The molecular weights of humic acids range from approximately 10,000 to 100,000. Humic acid polymers readily bind clay minerals to form stable organic clay complexes. Peripheral pores in the polymer are capable of accommodating (binding) natural and synthetic organic chemicals in lattice-(clathrate)-type arrangements. [Petitt] In the absence of the clay or humic colloids, the cations may be lost either through fixation or leaching, and thereby lost to the plant root.

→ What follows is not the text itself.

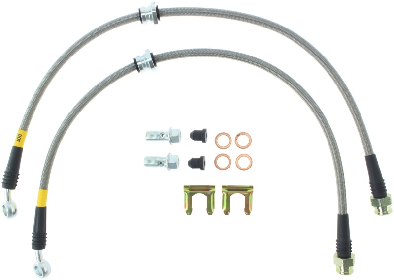 StopTech Stainless Steel Braided Brake Lines provide a quicker; firmer; more consistent pedal response by maintaining consistent brake pressure. Additionally; stainless steel lines provide precision brake modulation; especially during threshold braking. The improvement in pedal feel is more dramatic on older vehicles where the factory rubber line may have softened and swelled due to age. A variety of end fittings are available to meet application needs. All fittings are engineered for proper fit and durability. All necessary brackets and fasteners are included with each line kit.

Humic acids are crucial to life on earth, but they are susceptible to depletion via oxidation, and may become deactivated by sodium or aluminum. This creates soil problems which may impact the food chain all the way up. Humic acids have been shown to stimulate seed germination of several varieties of crops. The plant characteristic that the addition of humic substances has consistently enhanced more than any other is root length, especially on sandy soils. Top growth, vigor, and trunk cross-sectional area are also increased in response to stimulation by humates, but the effect is usually more prominent in the roots. A proliferation in root growth, resulting in an increased efficiency of the root system, is a likely cause of higher plant yields seen in response to humic acid treatment.